Snowflake claims that this efficient design enabled it to train Arctic LLM on open public web data sets (including RefinedWeb, C4, RedPajama and StarCoder) at “roughly one-eighth the cost of similar models.”

Running everywhere

Snowflake is providing resources like coding templates and a list of training sources alongside Arctic LLM to guide users through the process of getting the model up and running and fine-tuning it for particular use cases. But, recognizing that those are likely to be costly and complex undertakings for most developers (fine-tuning or running Arctic LLM requires around eight GPUs), Snowflake’s also pledging to make Arctic LLM available across a range of hosts, including Hugging Face, Microsoft Azure, Together AI’s model-hosting service and enterprise generative AI platform Lamini.

Here’s the rub, though: Arctic LLM will be available first on Cortex, Snowflake’s platform for building AI- and machine learning-powered apps and services. The company’s unsurprisingly pitching it as the preferred way to run Arctic LLM with “security,” “governance” and scalability.

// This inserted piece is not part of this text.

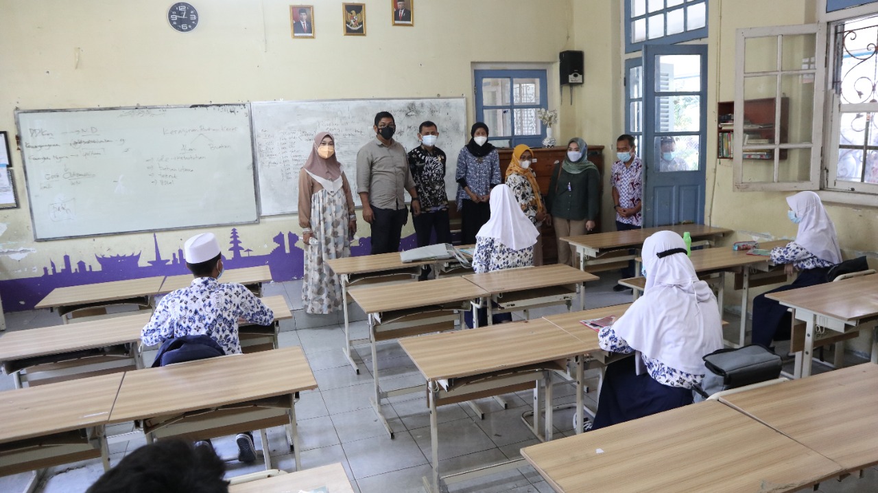 METROPOST1.COM, Cirebon — Komisi III DPRD bersama Disdik Kota Cirebon secara bersama-sama meninjau pelaksanaan pembelajaran tatap muka (PTM) terbatas di SMP Negeri 1 Kota Cirebon dan SD Negeri Kebon Baru IV, Kamis (16/9/2021).

“Our dream here is, within a year, to have an API that our customers can use so that business users can directly talk to data,” Ramaswamy said. “It would’ve been easy for us to say, ‘Oh, we’ll just wait for some open source model and we’ll use it. Instead, we’re making a foundational investment because we think [it’s] going to unlock more value for our customers.”

So I’m left wondering: Who’s Arctic LLM really for besides Snowflake customers?

In a landscape full of “open” generative models that can be fine-tuned for practically any purpose, Arctic LLM doesn’t stand out in any obvious way. Its architecture might bring efficiency gains over some of the other options out there. But I’m not convinced that they’ll be dramatic enough to sway enterprises away from the countless other well-known and -supported, business-friendly generative models (e.g. GPT-4).

There’s also a point in Arctic LLM’s disfavor to consider: its relatively small context.

In generative AI, context window refers to input data (e.g. text) that a model considers before generating output (e.g. more text). Models with small context windows are prone to forgetting the content of even very recent conversations, while models with larger contexts typically avoid this pitfall.

Arctic LLM’s context is between ~8,000 and ~24,000 words, dependent on the fine-tuning method — far below that of models like Anthropic’s Claude 3 Opus and Google’s Gemini 1.5 Pro.

Snowflake doesn’t mention it in the marketing, but Arctic LLM almost certainly suffers from the same limitations and shortcomings as other generative AI models — namely, hallucinations (i.e. confidently answering requests incorrectly). That’s because Arctic LLM, along with every other generative AI model in existence, is a statistical probability machine — one that, again, has a small context window. It guesses based on vast amounts of examples which data makes the most “sense” to place where (e.g. the word “go” before “the market” in the sentence “I go to the market”). It’ll inevitably guess wrong — and that’s a “hallucination.”

As Devin writes in his piece, until the next major technical breakthrough, incremental improvements are all we have to look forward to in the generative AI domain. That won’t stop vendors like Snowflake from championing them as great achievements, though, and marketing them for all they’re worth.